BACKGROUND OF THE INVENTION

The present invention relates to providing a continuously variable electrical signal from a transducer indicating the relative position of an object with respect to a stationary reference. In particular, the invention relates to providing an electrical signal indicative of the angular position of a magnet disposed on the object with respect to the stationary reference. Devices of this type are particularly desirable for indicating the relative position of the magnet and the object and find application in linear and rotary position sensing devices.

It is known to provide a magneto resistive sensor for indicating the position of a magnet moving with an object; and, such a sensor is that produced by the Honeywell Corporation and bearing manufacturer designation HMC1512.

Referring to FIG. 4 , the electrical output of a known sensor is shown wherein the voltage wave is plotted as a function of the rotary position θ in degrees and indicates the phase difference of 45° for the functions SIN 2θ and COS 2θ, with a period of 180° (π radians) for the voltage wave output of the transducer.

However, it has been desired to provide a rotary position transducer having a linear voltage output with respect to the rotary position of the magnet with respect to the stationary sensor. A linear output has the advantage that the output voltage may be used to drive directly an indicator such as a volt meter to give an easy-to-read indication to the user of the rotary position of the object.

BRIEF SUMMARY OF THE INVENTION

The present invention provides a method for linearizing the output of a motion detecting transducer having a dual wave form output in the form of a sine and cosine wave voltage. The linearization is accomplished by piecing together and inverting where necessary the substantially linear portion of the sine and cosine waves of the transducer output voltage. An amplifier and multiplexer function are utilized to provide an analog output of substantially linearly varying voltage as the transducer detects motion of an object moving with respect to the stationary transducer. The moving object has a magnet associated therewith; and, the change in angular bearing of the object is measured by a transducer and the transducer voltage wave form segmented and pieced together in accordance with a predetermined set of conditions for each segment as the angle of bearing changes from zero to 180°.

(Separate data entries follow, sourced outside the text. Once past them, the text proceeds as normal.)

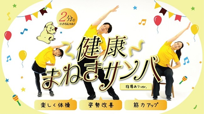 「健康まねきサンバ」は、従来の「健康まねき体操」をベースに、子どもから元気な高齢者まで、幅広い世代の皆さまに楽しみながら取り組めるよう、サンバのリズムに合わせて体を動かす体操です。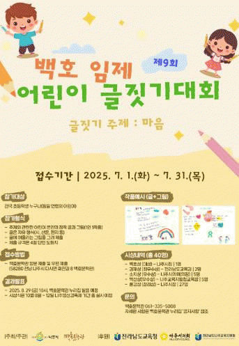 ¹éÈ£ÀÓÁ¦ ¾î¸°ÀÌ ±ÛÁþ±â´ëȸ´Â ³ªÁÖ Ãâ½Å Á¶¼± Á߱⠴ëÇ¥ ¹®ÀÎ ¹éÈ£ ÀÓÁ¦ ÀÇ ¹®ÇÐ Á¤½ÅÀ» ±â¸®°í ¾î¸°À̵éÀÇ °¨¼ö¼º°ú Ç¥Çö·ÂÀ» Ű¿ì±â À§ÇØ ³ªÁֽà ¹éÈ£¹®ÇаüÀÌ ÁÖ°üÇØ ¸Å³â ¿¸®°í ÀÖ´Ù.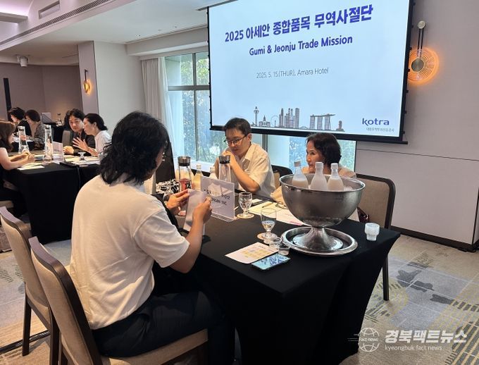 경북팩트뉴스 조현묵 기자 | 구미시가 싱가포르에서 개최한 ‘2025 구미 아세안 농식품 무역사절단’을 통해 총 35건, 1,248천 달러(한화 17억 원) 규모의 수출 상담 실적을 거두었다.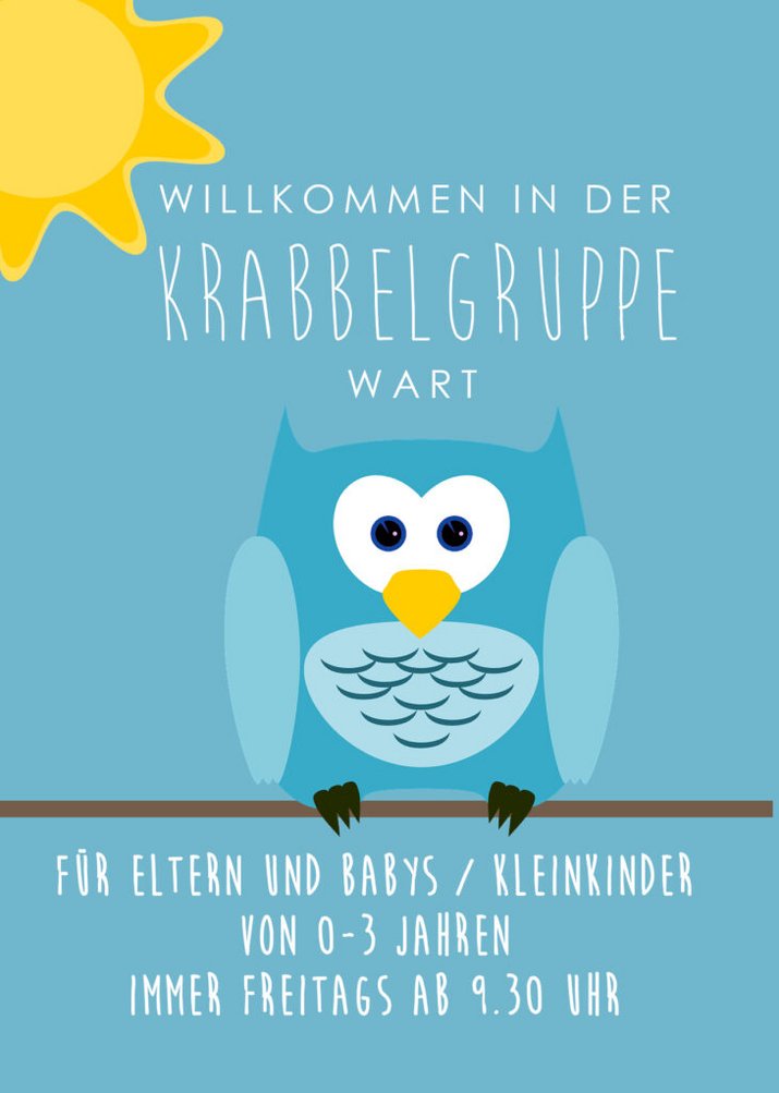 Die Krabbelgruppe ist unser Treffpunkt für Eltern mit Kindern von 0 bis 3 Jahren. Wir können uns als Eltern mit unseren Kindern kennenlernen, Austauschen, Singen und Spielen. Wir treffen uns freitags von 9.30 - 11.00 Uhr.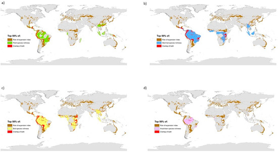 Panel of species richness for (a) plants (b) mammals (c) birds and (d) amphibians overlaid with risk of expansion index.

BRIEF DESCRIPTION OF THE DRAWINGS

FIG. 1 is an embodiment of the present invention with a magnet mounted for rotation at a radius R about an axis fixed with respect to a sensor;

FIG. 2 is an alternate embodiment of the invention with the magnet rotating about an axis fixed with respect to the sensor and passing through the center of the magnet;

FIG. 3 is another embodiment of the invention having a magnet mounted on a trolley moving along a linear path displaced from the sensor;

FIG. 4 is a plot of voltage versus angle of rotation for a dual wave form output transducer;

FIG. 5 is a schematic of the processing circuitry for one embodiment of the present invention;

FIG. 6 is a plot of voltage versus angle of rotation for the output voltage of the present invention and,

FIG. 7 is a schematic of the processing circuitry for another embodiment of the invention.

DETAILED DESCRIPTION OF THE INVENTION

Referring to FIG. 1 , a sensor arrangement employing the present invention is indicated generally at 10 and includes a magnet 12 disposed on an object 14 rotated by shaft 16 disposed in a bearing block 18 for rotation about fixed axis 20 . The magnet is positioned to revolve about the axis 20 at a distance “r”. A transducer or sensor 22 is mounted adjacent the object 14 on a suitable base 24 and is adapted for connection to input to appropriate signal processing circuitry, which will hereinafter be described, by means of the electrical terminals 26 provided on the sensor 22 . Sensor 22 measures the angle θ with respect to the fixed reference 28 .

In the present practice of the invention, a rotary position sensor manufactured by the Honeywell Corporation bearing manufacturer designation HMC1512 has been found satisfactory for the sensor 22 . However, any suitable transducer having a dual sine and cosine wave form voltage output may be employed.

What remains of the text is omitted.